There becomes a point when there must be a cut off point, and you simply can’t follow every href forever. This is partly achieved by setting link depth, keeping a memory of the depth of the links checked and go no further than the cut off point. This helps set a certain limit, but with link depth alone, a spider can still take a hell of a long time to complete.
What if the following scenario happens:
http://www.example.com/date.php?day=1&month=1&year=2011 http://www.example.com/date.php?day=2&month=1&year=2011 http://www.example.com/date.php?day=3&month=1&year=2011 http://www.example.com/date.php?day=4&month=1&year=2011 …
Our link depth would be rendered useless and we would be potentially stuck in an infinite loop as the day/month/year values continue increasing until PHP hits some type of limit.
To resolve the above problem we simply only visit a certain path/page x amount of times. If we have seen the date.php page more than 20 times, move on, don’t visit it again. That solves that problem.
Now. This is where my my question lies.
We have some Search Engine Optamisation at play with url rewriting.

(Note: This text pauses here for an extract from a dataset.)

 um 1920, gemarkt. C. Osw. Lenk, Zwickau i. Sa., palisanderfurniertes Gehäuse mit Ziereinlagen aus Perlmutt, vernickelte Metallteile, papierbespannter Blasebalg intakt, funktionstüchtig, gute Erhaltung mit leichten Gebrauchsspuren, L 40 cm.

So, if we take the above example url, we have:
http://www.example.com/date.php?day=1&month=1&year=2011 => http://www.example.com/1_1_2011.html http://www.example.com/date.php?day=2&month=1&year=2011 => http://www.example.com/2_1_2011.html http://www.example.com/date.php?day=3&month=1&year=2011 => http://www.example.com/3_1_2011.html http://www.example.com/date.php?day=4&month=1&year=2011 => http://www.example.com/4_1_2011.html …
Now, again our spider will get stuck in an infinite loop.

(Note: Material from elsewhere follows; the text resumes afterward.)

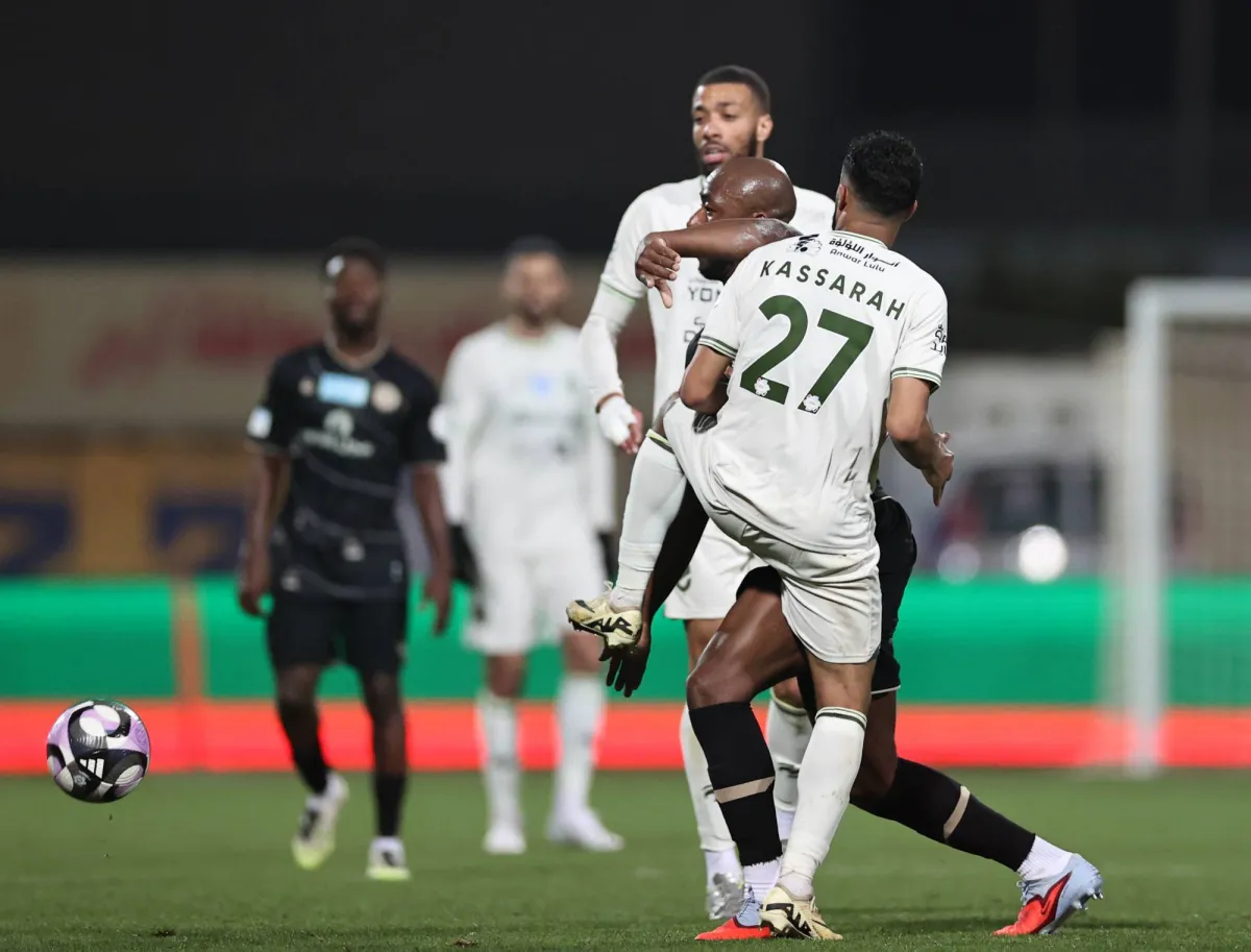 وشهدت المباراة إثارة كبيرة، إذ أهدر فابيو مارتينيز مهاجم الحزم ركلة جزاء في الدقيقة 34 تصدى لها كوين سيلفا، قبل أن يقرر الحكم إعادتها بعد مراجعة طويلة لتقنية الفيديو التي أوضحت تقدم حارس ضمك عن خط المرمى قبل التصدي للكرة.

The one solution I have thought of is the following but not sure if it will work or if there are better ways of doing it.
We strip all non html tags from the html response body, create a hash and then use the hash to compare all future pages against, if we see the hash more than x times, move on, don’t visit again.
Is this how web spiders overcome the above problem?
the hash value of two pages will almost always vary if only one single character changes. Stripping all HTML elements will not help here. Using hashes can be a way to detect exact duplicates of pages, but it will fail to detect near-duplicate pages. Search engines will be very interested in crawlers that can detect near-duplicate pages as good as possible.
Here are some links, that may be helpful or give some insights:
To infinity and beyond? No! - Google Webmaster Central Blog (August 2008) Discusses the problem of “infinite spaces”, like calendars. http://googlewebmastercentral.blogspot.com/2008/08/to-infinity-and-beyond-no.html
Google Patents, Updated - William Slawski (February 2011) http://www.seobythesea.com/?p=5114 Huge collection of links to Google patents, the section “Duplicate Content Patents” contains also patents on near-duplicate content detection.
Duplicate Content Issues and Search Engines - William Slawski (June 2006) http://www.seobythesea.com/?p=212
New Google Process for Detecting Near Duplicate Content - William Slawski (February 2008) http://www.seobythesea.com/?p=999
In the last article I found a link to a paper by Michael O. Rabin (from the Rabin-Miller-Test): Fingerprinting By Random Polynomials http://www.xmailserver.org/rabin.pdf
I hope that there is something that you find helpful. Bill Slawski’s blog is generally a good ressource on search engine patents.